妖族青黄不接,虚神境强者只有三位,年轻一代的天骄凑不齐一支完整的参赛队伍,连五界大比都要被人嘲笑“人数不够”。神帝有长生帝君亲自迎接,魔帝和鬼帝有供奉迎接,而她——妖族的统治者,虚神境的绝世强者——只有一个普通的官员迎接,连供奉都没有。
这是羞辱。
赤裸裸的羞辱。
妖帝深吸了一口气,压下心中的怒火,迈步向高台上走去。
她的步伐很稳,每一步都踏得稳稳当当,脸上带着淡淡的笑容,看不出任何愤怒的痕迹。但她的手指在袖中握紧了,指甲深深嵌入掌心,鲜血顺着指缝滴落,落在青石地面上,发出轻微的声响。
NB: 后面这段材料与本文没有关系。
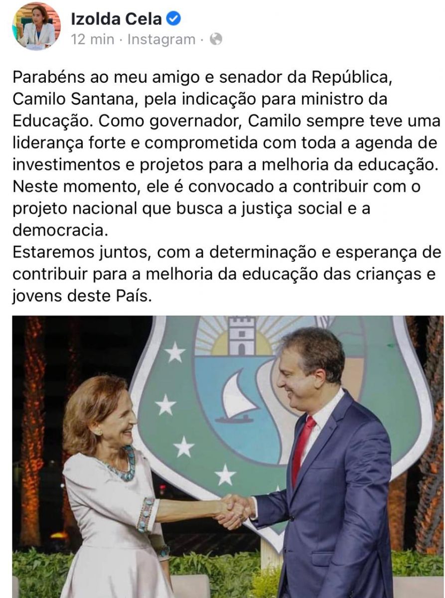 "Também deixo meus parabéns à querida governadora Izolda Cela, que estará ao lado de Camilo nessa tão importante missão. Estaremos juntos para que a educação do Ceará e do Brasil prospere", ressaltou.

她走到高台上,在第十三把宝椅上坐下——最角落的位置。
这是东道主给妖族安排的位置。最角落,最不起眼,最偏僻。
妖帝坐下,脸上的笑容没有丝毫变化。她的目光扫过全场,扫过那些高高在上的神帝、魔帝、鬼帝、天神,最后落在长生帝君身上。
长生帝君正在与神帝交谈。
两人谈笑风生,声音不大,但清晰地传入在场每一个人的耳中。他们谈的是上古时代的旧事——那些神族与妖族大战的岁月,那些天崩地裂、日月无光的岁月。他们谈得很开心,不时发出笑声,仿佛那些旧事不过是茶余饭后的谈资,不过是历史长河中微不足道的浪花。
妖帝的笑容僵住了。
她的手在袖中握得更紧了,指甲嵌入得更深了,鲜血流得更多了。
但她没有发作。
她不能发作。
这里是长生帝国,是人族的地盘。高台上有十二位虚神境的强者——长生帝君、神帝、魔帝、鬼帝、九大天神中的八位。她一个人,不是对手。妖族的五位圣子圣女,在天圣境中是顶尖,但在虚神境面前,不过是一群蝼蚁。
她只能忍。
忍到那个人到来。
距离五界大比正式开始,还有不到一个时辰。
赛场上,十个巨大的平台悬浮在半空中,缓缓旋转。平台表面的阵法纹路越来越亮,金光越来越盛,隐隐有空间波动从中传出。那是秘境即将开启的征兆。
十个秘境,每一个都是一个独立的小世界。小世界中,有山川河流,有森林草原,有沙漠荒原,有沼泽湖泊。小世界中,有妖兽,有灵药,有危险,有机缘。但最重要的——小世界中,有九名参赛者。九名来自不同队伍的天骄。九个人,只有一个人能活着出来。
王婉玲坐在观众席上,看着那十个平台,心中涌起一种说不清道不明的感觉。不是恐惧,不是紧张,而是一种沉甸甸的压力。这种压力,比她在登仙路上面对七大仙宗数万修士时还要沉重。因为在登仙路上,她至少知道自己在保护什么——她在保护妖神宗的长老,保护妖神宗的未来。但在这里,她不知道自己在保护什么。也许只是自己的命。